_Records provided_.
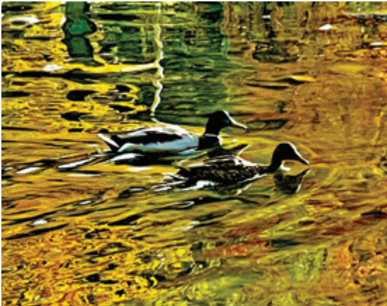
Ducks in a row

Thanks to Ray W. for submitting this stunning photo of the Northern Lights captured on 3 Ave NW.
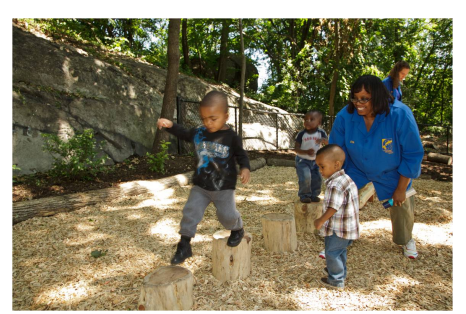
2018 Let's Take It Outside Training

Did you know that on average, American children under the age of 8 spend over two hours each day in front of a screen? As a result, children are spending less and less time outdoors. Early education and care environments are important places for providing children with the opportunity for outside play, yet many programs struggle with adequate space that is enriching and promotes children's connection to nature.
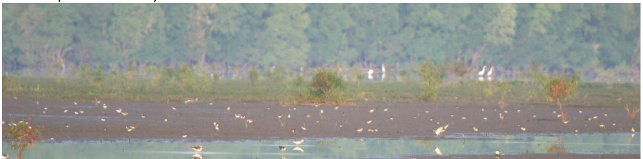
Shorebirds will use exposed mudflat extensively during their migration periods (April–June and July–October).

Some managers recommend heavy disking in moist-soil wetlands every 3-4 years to ensure maximum seed production. Other management to prevent encroachment of woody species or other undesirable species may include mowing, prescribed fire or herbicide application. Deeply flooding a wetland through a growing season may also provide disturbance, drown out some susceptible species, and result in a different plant community or more marsh-like conditions.

_Task details_.
Copy only what runs above from the line containing "Did you know" through the line containing "Shorebirds will use", exactly. Leave out the pictures.

_Exercise response_.
Did you know that on average, American children under the age of 8 spend over two hours each day in front of a screen? As a result, children are spending less and less time outdoors. Early education and care environments are important places for providing children with the opportunity for outside play, yet many programs struggle with adequate space that is enriching and promotes children's connection to nature.
Shorebirds will use exposed mudflat extensively during their migration periods (April–June and July–October).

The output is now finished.